Kaan sözü devraldı. "Hayır Yagıçım tüm suç benim. Ben de kaçırılabilirdim ama itler beni kaçırmak yerine seni ve Nazoyu kaçırdı."
Kaan'ın Nazo demesi gözyaşları içindeki beni ve odadaki herkesi güldürürken Yavuz sözlerine devam etti. "Otursanıza."
Babama yakalanmadan buradan çıkmamız gerektiği için hızlıca söze girdim. "Bizim gitmemiz la-"
Sözüm odanın kapısının açılmasıyla yarıda kesilirken içeri girenin babam olduğunu gördüm. Tüm heybetiyle içeri giren babam beni bile korkuturken sinirli babamın yanına adımladım.
"Odana yürü Nazelif!" Babamın sert sesi beni dondururken tatsızlık çıkmasın diye yürümeye başladım. Tam o an babam yine konuştu. "Seninle sonra görüşeceğiz üsteğmen!"
Babama hayretle bakarken Yavuz'un sesini işittim. Gözlerim Yavuz'u bulurken çenesini kastığını fark ettim. Buna rağmen sakince söze girmişti. "Hayhay."
Hâkim Bakış Açısı
Nazelif, Ada ve Tahsin Albayın odadan çıkmasıyla ağzı açık kalmış Kaan söze girdi. "O neydi lan?"

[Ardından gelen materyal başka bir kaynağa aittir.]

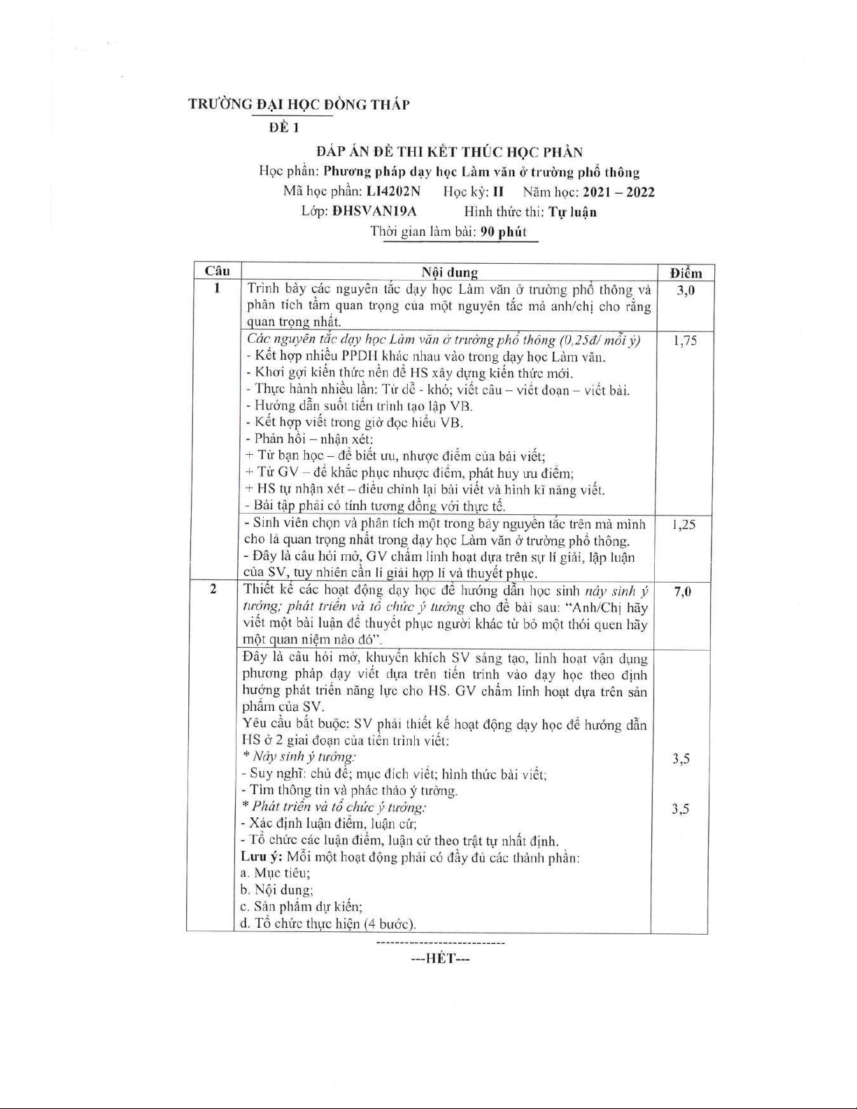 Đề thi kết thúc học phần học kì 2 môn Phương pháp dạy học làm văn ở trường phổ thông năm 2021-2022 có đáp án - Trường ĐH Đồng Tháp

"Neyin siniri tam olarak bu?" dedi Tuna da şaşkınlığını gizleyemeden.
"Bu nasıl bir üslup." dedi Selim de bu duruma fazlasıyla sinirlenmişken.
"Daha bu ne ki!" dedi Yavuz sinirini bastırmaya çalışırken.

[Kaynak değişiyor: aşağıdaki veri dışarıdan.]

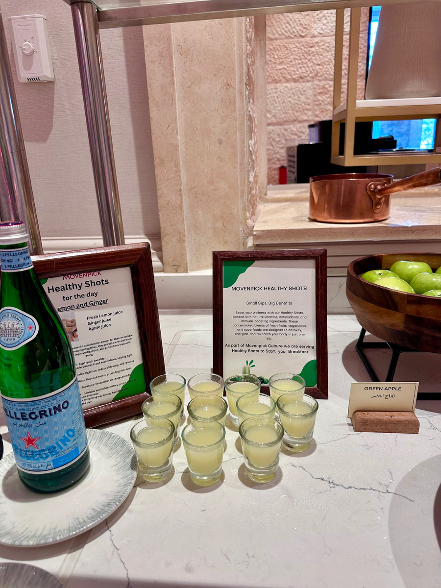 С утра проснулись и пошли на завтрак. Взяли по стаканчику шота в нем имбирь, мед и сок огурца и шпината.
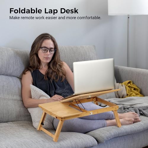 - 【Natural Bamboo Construction for Sturdiness】 Crafted from eco-friendly bamboo, our aesthetically pleasing and functional laptop desk offers exceptional durability and stability that can be used for years to come. And with natural bright wood grain, it looks good in a minimalist home or office.

"Abi şöyle düşün..." diyen Kaan, Yavuz'un yanı başındaki sandalyeye otururken devam etti. "Kayınbaba ya, ondan öyle."
"S*ktir et böyle kayınbaba mı olur?" diyen Tuna hızlıca devam etti. "Adam kızının önüne atlamış, dediğine bak."
"Herkes senin baban gibi değil abi." dedi Selim.

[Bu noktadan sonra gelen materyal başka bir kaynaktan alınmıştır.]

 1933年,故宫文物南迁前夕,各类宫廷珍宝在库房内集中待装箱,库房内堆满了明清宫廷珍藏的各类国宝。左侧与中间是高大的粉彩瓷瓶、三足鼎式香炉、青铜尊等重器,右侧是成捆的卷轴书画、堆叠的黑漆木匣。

"Yagıçı git döv de bana, senin için döverim." diyen Kaan ciddi ciddi Yavuz'dan onay beklerken Tuna söze girdi. "Tabancanı ve kimliğini bırak da öyle git."
Tabancasını çıkarmaya çalışan Kaan askerlikten atılmayı anlamamışken Selim söze girdi. "Abi ne yapıyorsun, atılmayı göze mi aldın?"
Tabancasını geri yerine koyan Kaan jetonunun geç düşmesine bozulurken tekrar Yavuz'a döndü. "Sen ne dersen o Yagıçım."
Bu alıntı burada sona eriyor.